Suara.com - Ustaz dan mantan Ketua RT berinisial K tewas di tangan tetangganya sendiri. Peristwia pembunuhan di Desa Ganjaran, Kecamatan Gondanglegi, Kabupaten Malang, Jawa Timur, itu terjadi pada Rabu (18/10/2023).

Wakapolres Malang Kompol Wisnu S Kuncoro mengungkap motif pembunuhan berencana yang dilakukan oleh tersangka S (55) terhadap korban berinisial K. Ia menyebut bahwa motif pembunuhan berencana tersebut adalah dendam yang berlarut yang sudah dipendam oleh tersangka sejak kematian istrinya pada 2015.

"Ini merupakan dendam yang berlarut-larut. Pada 2015, istri tersangka meninggal dunia dan ia berasumsi bahwa tetangga depan rumah atau korban melakukan praktik santet," kata Wisnu di Kepanjen, Kabupaten Malang, Jawa Timur, Jumat (20/10/2023).

Seperti diberitakan Antara, istri tersangka meninggal dunia pada 2015 usai sakit selama kurang lebih tiga bulan.
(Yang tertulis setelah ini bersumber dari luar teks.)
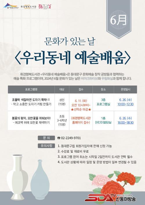 ¡®6¿ù ¹®È°¡ ÀÖ´Â ³¯¡¯ ±â³ä üÇè ÇÁ·Î±×·¥Àº 2°³·Î ¼ºÀδë»ó(15¸í) ¡®µµÀڱ⠶ҵü¡¯°ú ÃʵîÇлý´ë»ó(3~6Çгâ 15¸í) ¡®¸ð¶õ²ÉÀ» ÇÇ¿öº¸ÀÚ¡¯¸¦ 6. 26.(¼ö) ÈÖ°æÇູµµ¼°ü¿¡¼ °æÇèÇØ º¼ ¼ö ÀÖ´Ù.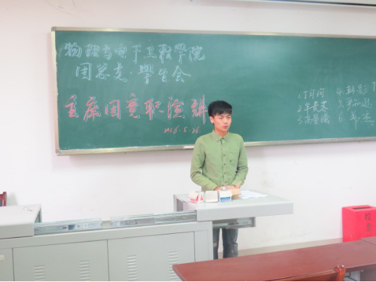 学生会团总支·学生会正值换届,为保障学生会工作继续有条不紊的进行,团总支主席团的竞选也正在进行当中。2016年5月26日,在集贤楼511教室成功举办了AV狼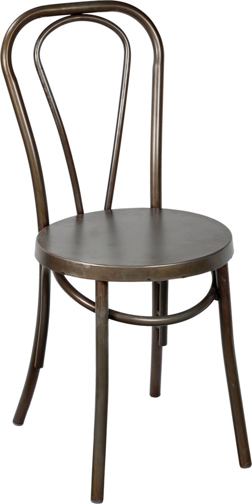 Modern och stilig stol i zinkfärgad metall. Runda och harmoniska former, vintagebehandlad.

Namun pelaku berasumsi bahwa korban yang saat itu merupakan ketua Rukun Tetangga (RT) dan ustad tersebut melakukan praktik santet terhadap istrinya.

Wisnu menjelaskan, setelah memendam rasa dendam yang cukup lama pelaku kemudian merencanakan untuk membunuh korban.

Pelaku juga sudah menyiapkan senjata tajam berupa sabit untuk menjalankan rencananya tersebut pada 18 Oktober 2023 yang bertepatan dengan adanya kegiatan orkes di Desa Ganjaran.

Saat itu Pplaku menunggu korban di depan rumahnya sejak pukul 19.00 WIB.

"Masyarakat banyak berkumpul di lokasi kegiatan acara tersebut. Pelaku menunggu hingga pukul 21.45 WIB. Korban yang akan masuk rumah, dihampiri oleh pelaku," katanya.

Lebih lanjut, saat korban sudah berhadapan dengan pelaku terjadi perselisihan dan kemudian pelaku membacok korban dengan sabit yang telah disiapkan. Namun, pelaku merasa sabit yang dipergunakan tersebut tidak dalam kondisi tajam, sehingga ia kembali ke dalam rumah untuk mengambil sabit lainnya.

"Pelaku kembali ke rumah untuk mengambil sabit yang tajam dan terjadilah pembacokan lagi di lokasi kedua dan dinyatakan bahwa di lokasi kedua tersebut korban meninggal dunia. Jarak dari lokasi pertama dan kedua kurang lebih 200 meter," katanya.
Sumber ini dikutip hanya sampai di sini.